Справиться с птицей оказалось не так-то легко. Мартын не подпускал к себе, окатывал брызгами, плескал в глаза соленой водой и больно ударял крылом по лицу, по рукам. Но Степа все же схватил его. Тогда мартын изогнул шею и точно клещами впился клювом пониже локтя и разорвал кожу до крови. Степа вскрикнул, потерял равновесие и вместе с птицей по шею погрузился в воду. И только под водой ему удалось наконец правой рукой крепко обхватить крылья птицы и прижать ее к себе, а левой сбросить камень. Но когда он поднялся, мартын опять ущипнул его за руку. Степа стиснул зубы и вцепился пальцами в пушистые перья на темени птицы. Теперь мартын не мог нападать. В бессильной ярости он раскрывал свой острый клюв и с ненавистью косился на мальчика.
Весь мокрый, в прилипших к телу штанах и рубашке, Степа наконец выбрался на берег и поглядел на байду.
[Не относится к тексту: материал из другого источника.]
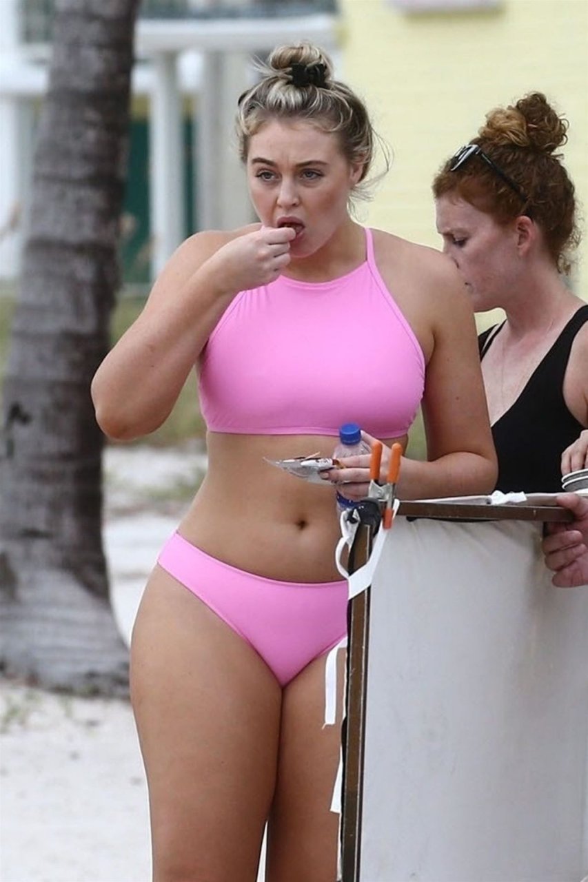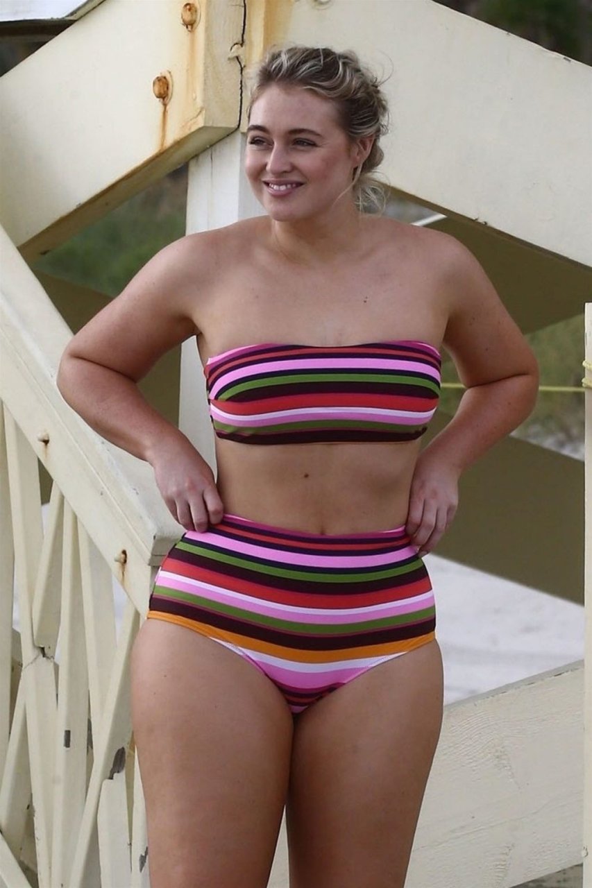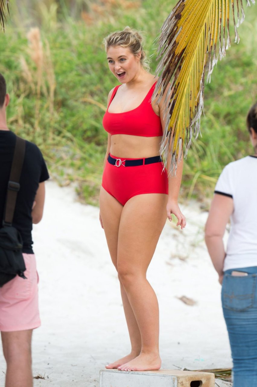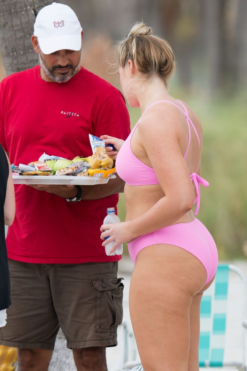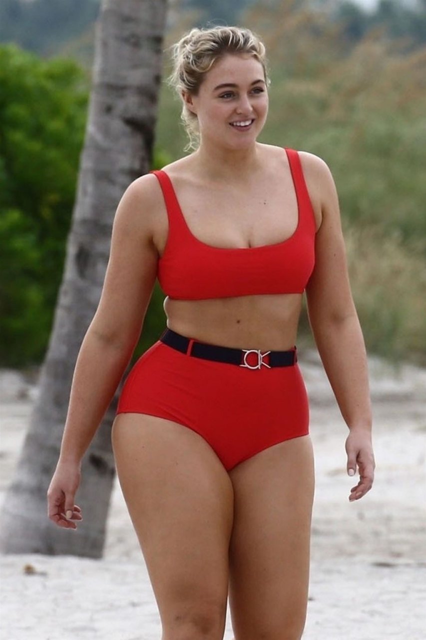 La modella britannica Iskra Lawrence è stata vista durante un servizio fotografico per Aerie sulla spiaggia di Miami, 27/11/2018. Iskra sorrideva mentre si godeva un’altra giornata di riprese per la linea di costumi da bagno.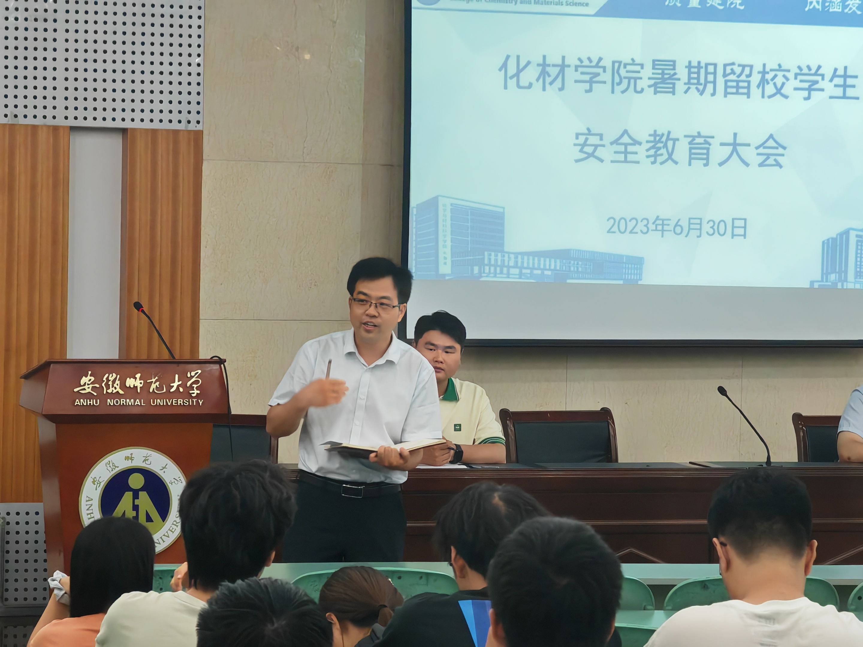 李古州分别作总结发言,他分别通报了2023届考研和就业数据,表达了校院两级对留校学生学习生活的关心以及对安全工作的重视,结合实际案例,强调了防诈骗、防溺水、寝室用电等方面的安全问题,叮嘱同学们紧绷安全之弦,经常主动与老师、父母沟通联络。希望同学们在暑期制定好学习计划、调整好心理状态、克服天气影响、严守安全底线,度过一个平安、充实、健康的暑期。

Но он, конечно, и виду не подал, что доволен исходом этой схватки.
Перед ним оставалась еще самая трудная задача - снять петлю. Сделать это он мог только левой рукой, которой держал голову птицы. Но если он отнимет руку, то мартын опять пустит в ход свой страшный клюв. Позвать на помощь Любашу? Нельзя - засмеет. Скажет: с чайкой не справился - позор для мужчины.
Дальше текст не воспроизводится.